Grant . The Company hereby grants to the Participant
named in the Notice of Grant (the “Participant”) an
option (the “Option”) to purchase the number of Shares,
as set forth in the Notice of Grant, at the exercise price per
Share set forth in the Notice of Grant (the “Exercise
Price”), subject to all of the terms and conditions in this
Agreement and the Plan, which is incorporated herein by
reference. Subject to Section 20(c) of the Plan, in the event
of a conflict between the terms and conditions of the Plan and the
terms and conditions of this Agreement, the terms and conditions of
the Plan will prevail.
2.
Vesting Schedule . Except as provided in Section 3,
the Option awarded by this Agreement will vest in accordance with
the vesting provisions set forth in the Notice of Grant.

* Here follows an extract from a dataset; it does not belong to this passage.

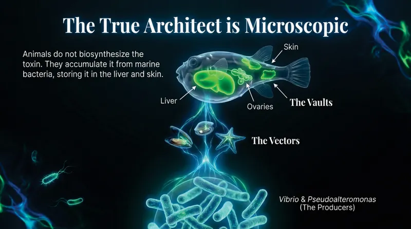 For decades, scientists debated where TTX comes from. The prevailing theory today is exogenous origin. Research suggests that TTX is primarily produced by marine bacteria, such as species of Vibrio, Pseudomonas, and Shewanella. These bacteria enter the food chain and are accumulated by larger animals.

Shares scheduled to vest on a certain date or upon the occurrence
of a certain condition will not vest in Participant in accordance
with any of the provisions of this Agreement, unless Participant
will have been continuously a Service Provider from the Date of
Grant until the date such vesting occurs.
3.
Administrator Discretion . The Administrator, in its
discretion, may accelerate the vesting of an Option granted to a
Participant who will not stand for reelection. If so
accelerated, such Option will be considered as having vested as of
the date specified by the Administrator.
4.
Exercise of Option . This Option may be exercised only
within the term set out in the Notice of Grant, and may be
exercised during such term only in accordance with the Plan and the
terms of this Agreement.
This Option is
exercisable by delivery of an exercise notice, in the form attached
as Exhibit B (the “Exercise Notice”) or in a
manner and pursuant to such procedures as the Administrator may
determine, which will state the election to exercise the Option,
the number of Shares in respect of which the Option is being
exercised (the “Exercised Shares”), and such other
representations and agreements as may be required by the Company
pursuant to the provisions of the Plan. The Exercise Notice
will be completed by Participant and delivered to the
Company. The Exercise Notice will be accompanied by payment
of the aggregate Exercise Price as to all Exercised Shares together
with any applicable tax withholding. This Option will be
deemed to be exercised upon receipt by the Company of such fully
executed Exercise Notice accompanied by such aggregate Exercise
Price.
5.
Method of Payment . Payment of the aggregate Exercise
Price will be by any of the following, or a combination thereof, at
the election of Participant:
(a)
cash;
(b)
check;
(c)
other Shares, provided that such Shares have a Fair Market Value on
the date of surrendar equal to the aggregate exercise or purchase
price of the Shares as to which such Option
3
shall be
exercised and and provided that accepting such Shares, in the sole
discretion of the Administrator, shall not result in any adverse
accounting consequences to the Company;
(d)
consideration received by
the Company under a broker-assisted (or other) cashless exercise
program adopted by the Company in connection with the
Plan;
(e)
such other consideration and method of payment for the issuance of
Shares to the extent permitted by Applicable Laws; or
(f)
any combination of the foregoing methods of payment.
6.
Tax Obligations .
(a)
Withholding of Taxes . Notwithstanding any contrary provision of this
Agreement, no certificate representing the Shares will be issued to
Participant, unless and until satisfactory arrangements (as
determined by the Administrator) will have been made by Participant
with respect to the payment of income, employment and other taxes
which the Company determines must be withheld with respect to such
Shares. To the extent determined appropriate by the Company
in its discretion, it will have the right (but not the obligation)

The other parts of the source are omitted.